From a Buddhist perspective struggling to take care of our mental health is nothing to be ashamed of.

For example, a physical injury that takes months to heal is a way to develop our perseverance. Even lifelong health challenges can help us understand that happiness is not the absence of problems, but a state of life. We can decide that we will not be defined by a diagnosis and can live a life of genuine happiness and hope.

Of course, if we a suffering with a physical or mental illness, Buddhist practice inspires us to find the courage and wisdom to find the health professionals that can help us. It is never, however, a replacement for professional help.

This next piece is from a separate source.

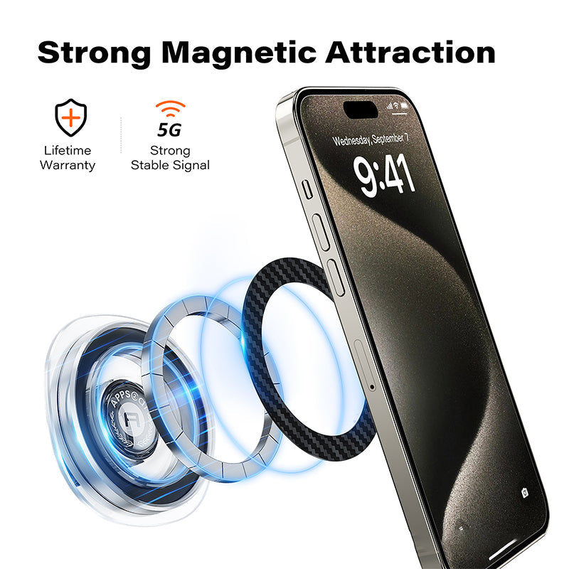 Acesta este un accesoriu magnetic MagSafe pentru toate seriile iPhone. Accesoriul nu are un inel metalic și este potrivit pentru telefoanele mobile cu o carcasă obișnuită. Are un atașament magnetic puternic care asigură o conexiune stabilă între telefon și accesoriu. În plus, accesoriul suportă rețelele 5G pentru a asigura o transmisie stabilă a semnalului.
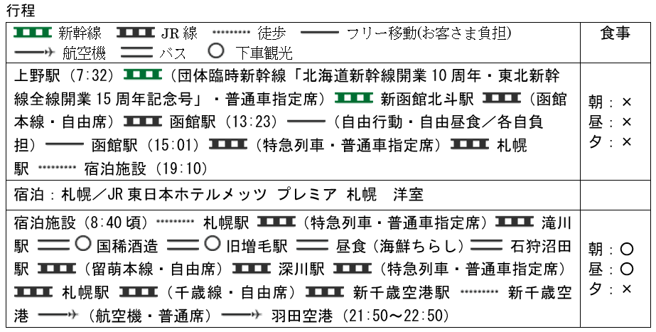 本商品では、首都圏および東北各地から出発し、青森・北海道方面へ向かう特別な新幹線にご乗車いただきます。現地では、各地のホテルでの宿泊がセットとなっており、記念イヤーにふさわしい特別な旅をお楽しみいただけます。

Here are a few ways Buddhism can help us move past feeling blah and instead thrive in our lives.

Catch Ourselves When We Feel Meh

It can be a cycle: We don’t feel particularly hopeful so we don’t challenge ourselves as much in our daily tasks. Things don’t go as well as a result, and we beat ourselves for it. We then feel even less hope for our future. Without realizing it, we perpetuate a narrative that we are incapable and that things will not get better. This is where chanting Nam-myoho-renge-kyo can truly help.

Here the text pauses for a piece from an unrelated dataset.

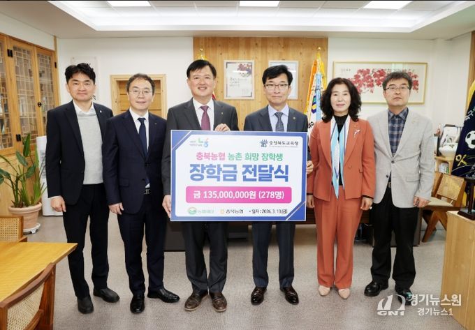 [경기뉴스원/경기뉴스1] | 충청북도교육청은 13일, 충북농협(본부장 이용선)이 지원한 농촌지역 학생 대상 희망 장학금 전달식을 개최했다.

Buddhist teacher Nichiren described chanting Nam-myoho-renge-kyo as a way to “perceive the nature of one’s life.” He writes that the way we see ourselves is often distorted by our negativity and feelings of self-disparagement. It’s almost as if we’re looking into a mirror with lots of dust and rust on it. Chanting is a way to clean off the dirt of our negativity and see our true selves—people of unlimited courage and ability.

Dr. Grant describes how important it is to identify the feeling of languishing in our everyday life. He writes:

We still have a lot to learn about what causes languishing and how to cure it, but naming it might be a first step. It could help to defog our vision, giving us a clearer window into what had been a blurry experience.

Chanting can help us see ourselves clearly — we can catch ourselves languishing, accept it and not feel ashamed about it. But while we accept it, we also decide This is not how I want to live my life.

As we chant, we clear away the guilt and sense of dread. We see clearly we are languishing and also clearly see that we have Buddhability. Based on this, we revive our sense of possibility and hope.

Focus on Small Goals

Researchers note that having small goals can help us achieve a state of flow, where we are completely immersed in a meaningful task. Flow is the opposite of languishing, as we feel a sense of purpose and direction.

As we share in A Buddhability Guide to Setting Goals, within each big goal are many smaller, daily goals. Buddhist philosopher Daisaku Ikeda writes:

Small things matter. Right or wrong, small things accumulate and lead to a major difference in the results. That’s why the best way to achieve your important future goals is to pay careful attention to your minor daily challenges and triumph in each one of them. Nichiren Daishonin writes, ‘If a person cannot manage to cross a moat ten feet wide, how can he cross one that is a hundred or two hundred feet?’ Small challenges, small successes, repeated again and again, become great victories and flower into a life of glorious success.

Nov. 10, 2017, World Tribune

Achieving small goals gives us a sense of accomplishment and self-worth, moving past languishing and toward thriving.

So, feeling blah? It’s ok. Just take the first, tiny step forward.